A damage detection algorithm based on neuro fuzzy hybrid system is presented in this study for location and severity predictions of cracks in beam-like structures. A combination of eigenfrequencies and rotation deviation curves are utilized as input to the soft computing technique. Both single and multiple damage cases are considered. Theoretical expressions leading to modal properties of damaged beam elements are provided. The beam formulation is based on Euler-Bernoulli theory. The cracked section of beam is simulated employing discrete spring model whose compliance is computed from stress intensity factors of fracture mechanics. A hybrid neuro fuzzy technique is utilized to solve the inverse problem of crack identification. Two different neuro fuzzy systems including grid partitioning (GP) and subtractive clustering (SC) are investigated for the highlighted problem.

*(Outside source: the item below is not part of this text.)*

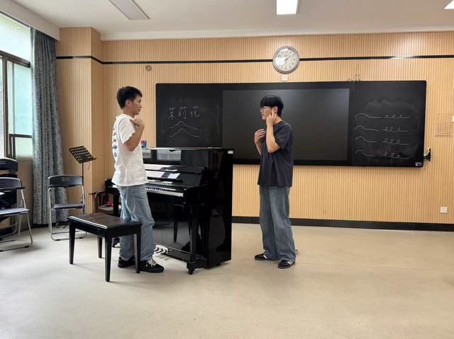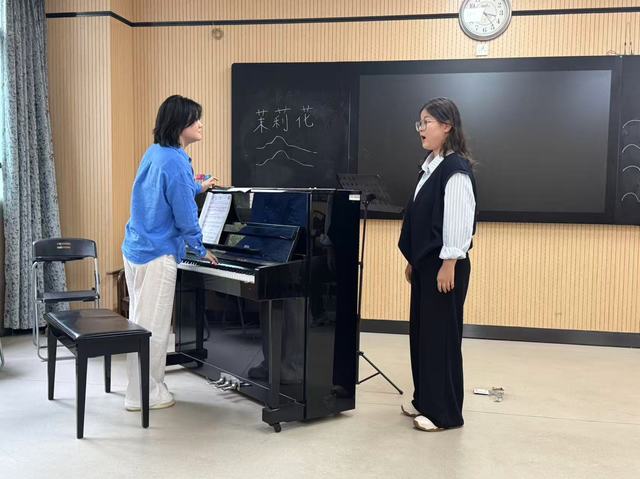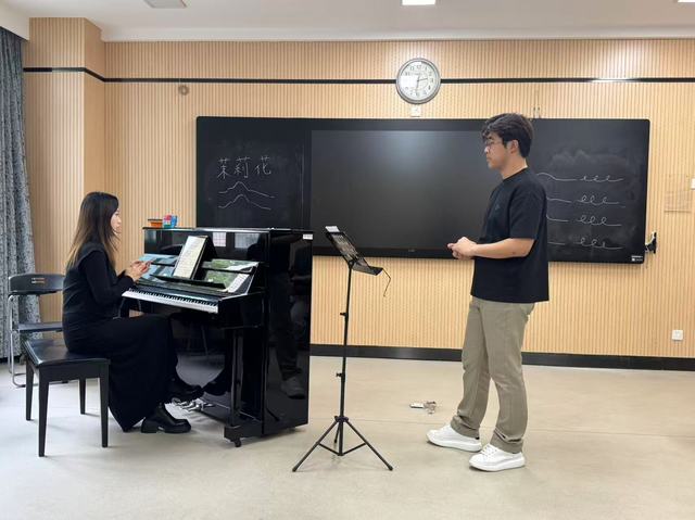 徐秋煜老师授课:面向2024级普本班学生授课,指导曲目为《悲叹小夜曲》和《桥》。课堂中,徐老师引导学生从分析歌曲风格出发,结合语音语调、作品情绪、演唱技巧进行系统训练,帮助学生建立艺术审美与表现力。观摩教师在肯定课堂逻辑清晰与教学重点突出的同时,也指出练声时间相对集中、可适当精简,进一步提升课程整体节奏感与完整性。

Several error metrics are utilized for evaluating the accuracy of the hybrid algorithms. The study is the first in terms of 1) using the two models of neuro fuzzy systems in crack detection and 2) considering multiple damages in beam elements employing the fused neuro fuzzy procedures. At the end of the study, the developed hybrid models are tested by utilizing the noise-contaminated data. Considering the robustness of the models, they can be employed as damage identification algorithms in health monitoring of beam-like structures.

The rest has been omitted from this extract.